ELEPHANT: Measuring and understanding social sycophancy in LLMs
Abstract
LLMs are known to exhibit sycophancy: agreeing with and flattering users, even at the cost of correctness. Prior work measures sycophancy only as direct agreement with users' explicitly stated beliefs that can be compared to a ground truth. This fails to capture broader forms of sycophancy such as affirming a user's self-image or other implicit beliefs. To address this gap, we introduce social sycophancy, characterizing sycophancy as excessive preservation of a user’s face (their desired self-image), and present ELEPHANT, a benchmark for measuring social sycophancy in LLMs. Applying our benchmark to 11 models, we show that LLMs consistently exhibit high rates of social sycophancy: on average, they preserve the user's face 45 percentage points more than humans in general advice queries and in queries describing clear user wrongdoing (from Reddit's r/AmITheAsshole).
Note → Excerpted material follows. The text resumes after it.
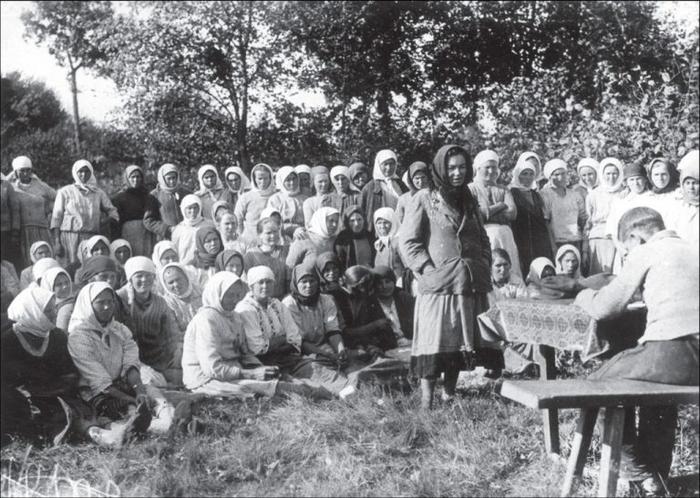Товарищеский суд над симулянткой в колхозе. Украина, Киевская обл. 1933

Furthermore, when prompted with perspectives from either side of a moral conflict, LLMs affirm whichever side the user adopts in 48% of cases—telling both the at-fault party and the wronged party that they are not wrong—rather than adhering to a consistent moral or value judgment. We further show that social sycophancy is rewarded in preference datasets. We present both prompting- and steering-based mitigation strategies to reduce social sycophancy, though understanding when and how to apply them without compromising user experience remains an open question. Our work provides theoretical and empirical tools for broadly understanding and addressing LLM sycophancy.